On "Christianity in the Second Century" by Emily J. Hunt. ****

The subtitle of this book is "The Case of Tatian," which is what this book is really about. I'd have flipped the two titles were it me, since the main title is deceptive and too broad for what the author does here. Certainly, some of what she writes about Tatian establishes ideas about broader trends in second-century Christianity, but the book does not really lay claim to that focus. If I'd wanted a general book about second-century Christianity, I'd have turned elsewhere. Lucky for me, I came to this work because I was looking for a work about Tatian, and it was a ready read.

Tatian was a second-century Christian who grew up a pagan in Assyria. At some point, he went west, became a student of Justin's and then, after Justin's death, apostasized, becoming a gnostic, moving back toward Assyria, and disappearing from history. Or so that is what most histories will tell you, based on the writings of various early church historians. Hunt calls this apostasization into question. The second century was rife with different points of view, and while Tatian's may not have been mainstream, they were hardly gnostic. It seems that the label was assigned him possibly for political reasons by these later church historians.

The two works Tatian is most known for are his Oration to the Greeks, which still survives, and the Diatesseron, one of the first harmonies of the Gospels--and the only version of the Gospels available in much of the church of the East for the first few centuries. Hunt looks closely at the first work to ferret out Tatian's points of view and his likely influences. She comes to believe that Tatian was heavily influenced by his teacher Justin and possibly eastern Christian view but not as much by the Gnostic Valentinus or Greco-Roman philosophy (except insofar as the ideas of philosophy permeated early Christianity generally). There are, of course, some problems with depending so much on the Oration, the main one being that we're not sure when it was written and and therefore what stage of Tatian's point of view it represents.
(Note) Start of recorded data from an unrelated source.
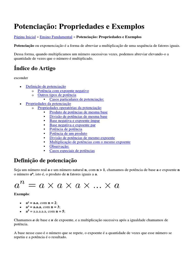 Página Inicial » Ensino Fundamental » Potenciação: Propriedades e Exemplos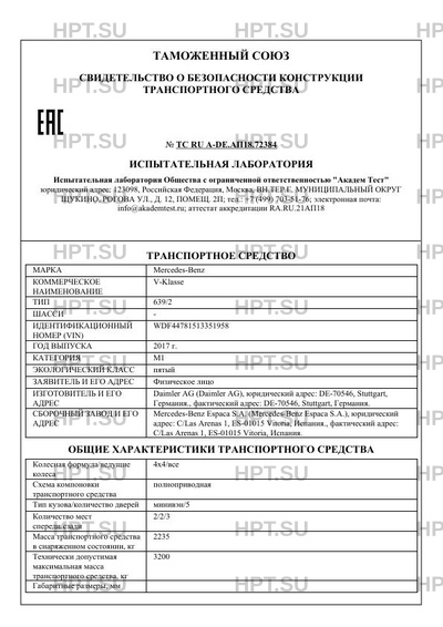 | Коммерческое наименование | V-Klasse |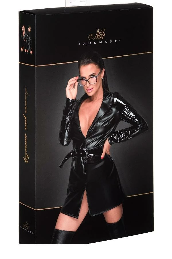 Trendy power wet look trench coat with long sleeves made of shiny PVC. The super stylish cut and the adjustable belt make this unique piece a must-have this fall.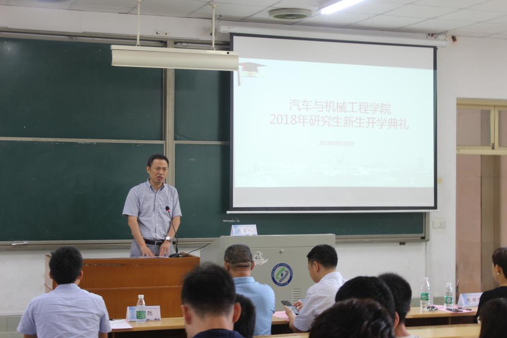 会议伊始,在毛聪副院长对与会学院领导老师进行简要介绍、对全体2018级研究生新生表示欢迎后,杜荣华院长发表讲话。杜院长首先代表全院领导热烈欢迎18级硕士新生加入汽车与机械工程学院这个大家庭。他告诫同学们,在人生美好的年龄,要时刻牢记“安身立命,以梦为马”,努力钻研,不畏艰难,成为 “修业、敬业、乐业、精业”的汽机人。随后,蒋仁言教授以河北工业大学的开学典礼和奥巴马讲话为例,指出,同学们不应只注重结果,应活在当下,享受过程,不问结果,同时不能将读书视为苦差事,在有理想有目的的同时也不可将读书庸俗化。接着,高年级研究生代表周登辉也号召同学们面对科研、对生活要充满热情,少一点功利之心,多一点精神追求。最后,在周登辉的带领下,全体研究生新生庄严宣誓。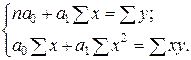 Система нормальных уравнений МНК для линейной парной регрессии имеет следующий вид: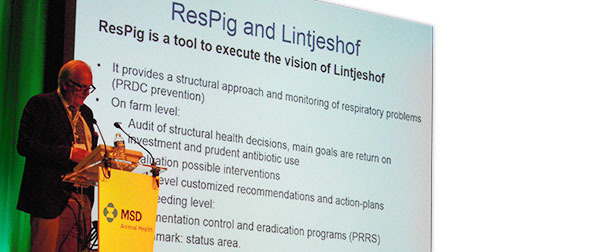 Rika Jolie, directrice technique générale de MSD Animal Health, a présenté le système ResPig®, une plateforme basée sur le site web et dont l’objectif est de proposer des stratégies de contrôle et de prévention du complexe respiratoire porcin, spécifiques à chaque exploitation. Sur le site www.respig.fr est disponible toute l’information détaillée sur ce système. Immédiatement ensuite, Frans Dirven, consultant porcin et directeur de la clinique vétérinaire hollandaise Lintjeshof, a partagé son expérience pratique sur l’application de ResPig® ainsi que sur les progrès réalisés par le biais de cette approche pour le contrôle du SDRP et d’autres maladies respiratoires, la réduction de l’usage d’antibiotiques, etc. dans les plus de 70 fermes appliquant dors et déjà ce système.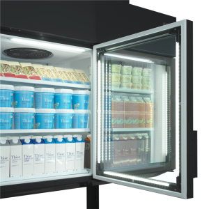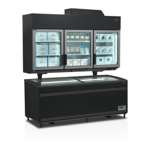 Gain valuable floor space with this brand new MTF model that can function as a refrigerator or freezer. It is ideal for small shops, grocery stores, butcheries, supermarkets, etc. It is equipped with tangential ventilation, allowing it to be placed against a wall without worrying about the temperature. Pair the high MTF refrigerator/freezer with an SFI refrigerated display below for maximum shelving. It offers many possibilities and can be placed against a wall or used as an island. The cabinet is equipped with a fixed lower shelf and two adjustable and tiltable shelves, for better product presentation to customers.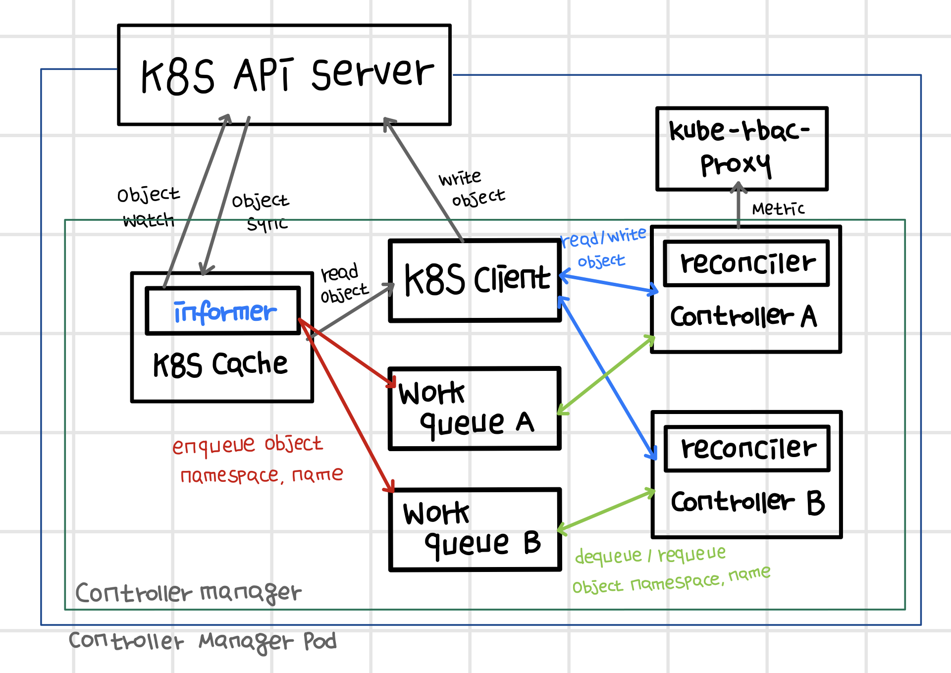 - 제어에 성공하였을 경우 해당 Object(resource)의 정보를 폐기하지만, 제어에 실패하였을 경우 제어를 성공할 때까지 work queue에 넣고 빼기를 반복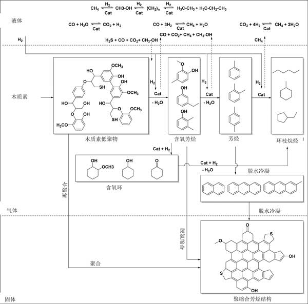 基于木質(zhì)素油的產(chǎn)物產(chǎn)率和組成,提出了一種用于加氫處理的反應(yīng)過程。木質(zhì)素使用活性炭催化劑和氫氣(圖3)。它涉及在液相和氣相中發(fā)生的許多連續(xù)和平行反應(yīng)。對低分子量烷基酚類和芳族化合物的所需反應(yīng)涉及通過裂解鍵來對木質(zhì)素進行熱和催化解聚(加氫裂化)。最具反應(yīng)性的連接是醚鍵,盡管這些在木質(zhì)素中不是很豐富;钚蕴看呋瘎┐龠M解聚反應(yīng),但在不存在活性炭催化劑的情況下的反應(yīng)也產(chǎn)生(有限)量的木質(zhì)素油,表明熱解聚反應(yīng)也起作用。低聚物片段可以進一步解聚成烷基酚類形式的低分子量化合物或再聚合(也與已形成的低分子量化合物一起)成更高濃度的結(jié)構(gòu),最終導(dǎo)致燒焦。后一種途徑可能是熱反應(yīng),因此可以通過使用非;顫姷幕钚蕴看呋瘎﹣硪种疲龃呋瘎┩ㄟ^催化隨后的轉(zhuǎn)化來減少活性中間體的量。中間低分子量烷基酚類在反應(yīng)條件下不是惰性的,并且可以進一步加氫脫氧成芳族化合物和烷烴。

If written early, he could well have changed much of his perspective later on (Hunt doubts not so much the early writing but the idea that he would have actually changed his point of view so greatly as to accept Gnostic ideas, something I find a bit dubious, knowing how some people really do flip in terms of belief systems over the course of their lives); if written later, of course, we're on pretty firm ground to use it to argue that the various early historians had Tatian wrong in many respects.
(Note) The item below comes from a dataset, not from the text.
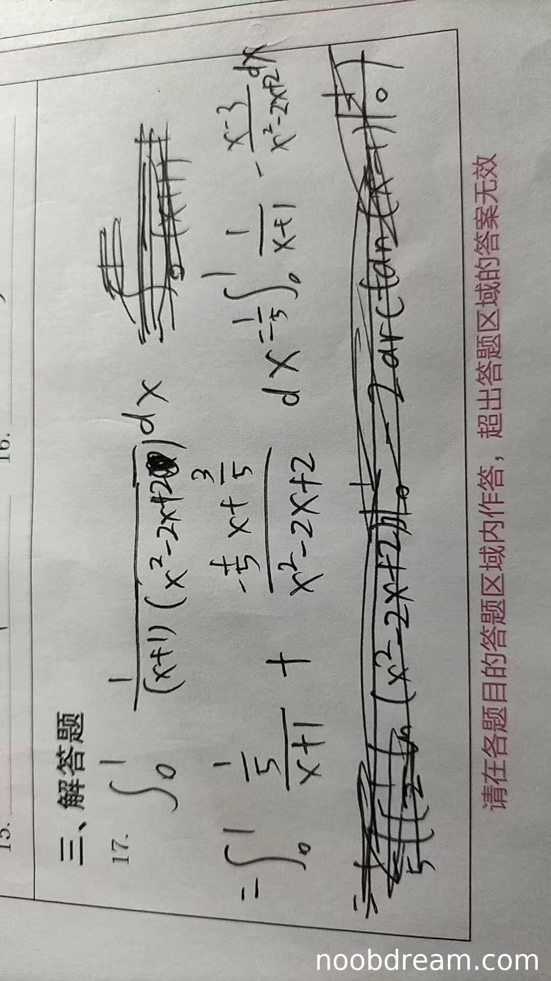 学生作答存在严重逻辑错误:题目要求计算的是 \(\int_{0}^{1}\frac{1}{(x+1)(x^2-2x+2)}dx\),但学生在第二次识别中错误地将被积函数写为 \(\frac{x}{(x+1)(x^2-2x+2)}\),并在整个计算过程中基于此错误表达式进行部分分式分解和积分。这导致最终结果与标准答案完全不同。尽管第一次识别结果在形式上与标准答案相似(系数有差异),但第二次识别明确显示了错误的被积函数,且最终答案为 \(\frac{3\pi}{20}-\frac{3}{10}\ln 2\),与标准答案 \(\frac{3}{10}\ln 2 + \frac{1}{10}\pi\) 不一致。因此,核心逻辑错误,扣分严重。但考虑到学生可能因识别问题误写被积函数,且部分步骤(如部分分式分解方法、积分技巧)正确,给予部分步骤分。扣分后得分为 3 分。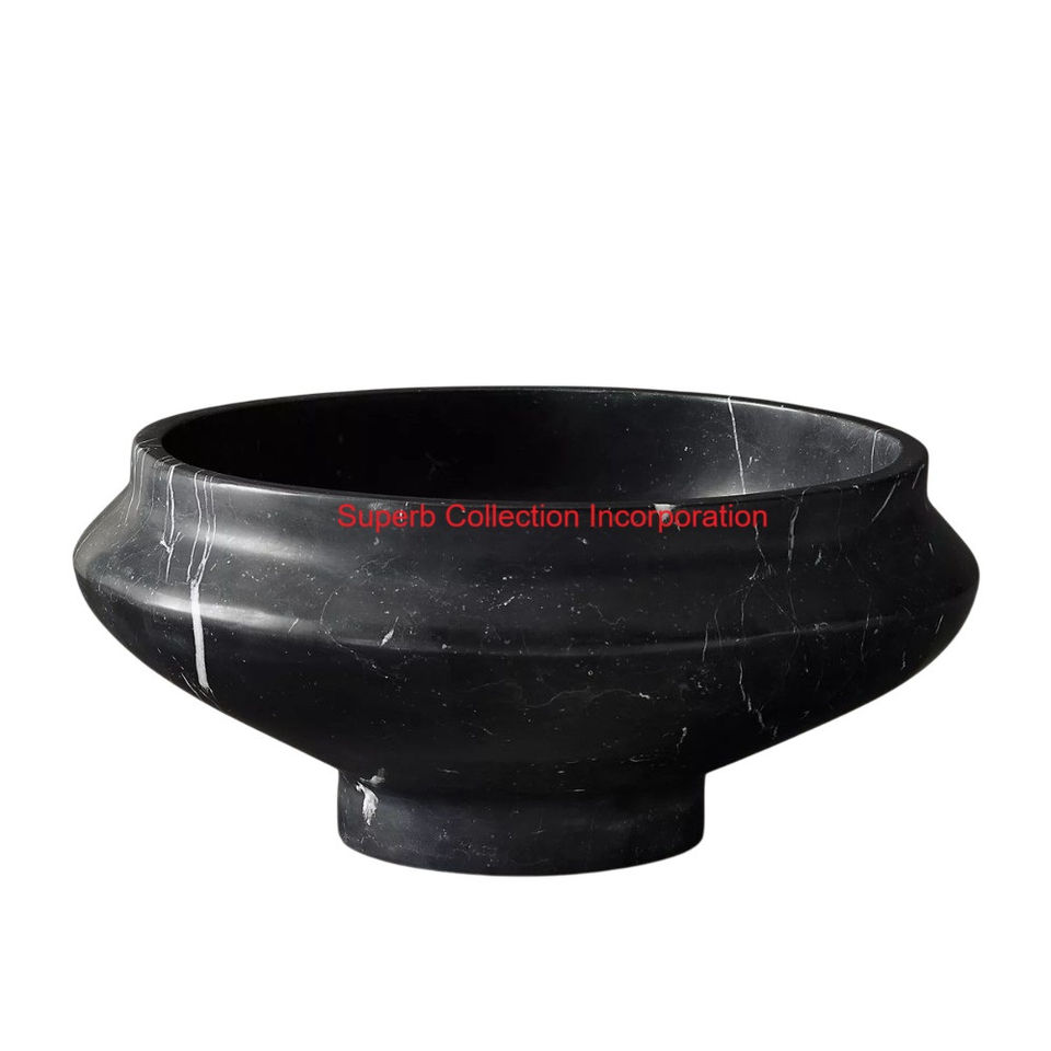 Handcrafted Natural White & Black Marble Serving Bowls Set Elegant Decorative Fruit Bowls For Luxury Kitchen & Home Decor

As per the Oration and what little we have of the Diatesseron, it is evident that Tatian did have ascetic sympathies, much like most other Eastern Christians. It's also clear, however, that he did not believe in more than one God, an evil and a good god, a pleroma of aeons, or the immortality of the soul, as most Gnostics would have. Rather, like Justin, he embraced the resurrection. He thought there to be just one God (curiously, he rarely mentions Jesus in the Oration). He believed demons to be fallen angels. Perhaps one of the most unique aspects of his thought, insofar as what Hunt describes, was his belief that people had been created with the spirit of God but that that spirit was removed when Adam sinned; the Christian process thus is one of having that spirit restored.

As with so much of early Christian history, however, much of Tatian's life and thought is hidden in shadows. We have only the one work and a few early comments about him, each with their own agenda. Hunt's work adds now, many centuries later, to that set of comments; there have been and will be others to do so.